[Your task] Output only the lines below that start at the line containing "Abb. 3: 81-jährige" and end at the line containing "王司長厚誠:在進行提案之前,先懇請委員同", with both ends kept.

[Task input]
*****

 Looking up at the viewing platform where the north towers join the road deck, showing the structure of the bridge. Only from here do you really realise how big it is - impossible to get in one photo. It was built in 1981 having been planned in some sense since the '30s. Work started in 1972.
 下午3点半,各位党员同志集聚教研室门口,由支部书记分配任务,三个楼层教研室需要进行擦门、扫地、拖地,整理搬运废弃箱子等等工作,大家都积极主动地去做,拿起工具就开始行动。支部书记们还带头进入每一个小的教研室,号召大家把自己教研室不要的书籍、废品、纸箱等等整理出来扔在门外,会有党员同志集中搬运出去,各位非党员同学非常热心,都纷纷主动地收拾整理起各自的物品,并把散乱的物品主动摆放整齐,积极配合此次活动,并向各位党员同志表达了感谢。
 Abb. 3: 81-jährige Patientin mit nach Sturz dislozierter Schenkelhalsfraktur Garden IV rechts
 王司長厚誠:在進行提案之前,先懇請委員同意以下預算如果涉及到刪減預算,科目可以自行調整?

*****

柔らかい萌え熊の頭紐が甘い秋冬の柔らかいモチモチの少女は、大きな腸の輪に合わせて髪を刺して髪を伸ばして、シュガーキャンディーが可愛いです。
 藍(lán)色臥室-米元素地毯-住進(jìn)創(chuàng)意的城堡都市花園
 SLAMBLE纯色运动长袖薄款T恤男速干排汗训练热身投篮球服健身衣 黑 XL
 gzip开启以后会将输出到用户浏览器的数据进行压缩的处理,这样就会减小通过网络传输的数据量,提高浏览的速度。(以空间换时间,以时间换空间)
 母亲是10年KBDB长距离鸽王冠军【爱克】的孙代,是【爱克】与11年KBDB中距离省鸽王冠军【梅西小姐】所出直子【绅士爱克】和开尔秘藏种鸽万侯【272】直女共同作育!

*****

[Exercise output]
 Abb. 3: 81-jährige Patientin mit nach Sturz dislozierter Schenkelhalsfraktur Garden IV rechts
 王司長厚誠:在進行提案之前,先懇請委員同意以下預算如果涉及到刪減預算,科目可以自行調整?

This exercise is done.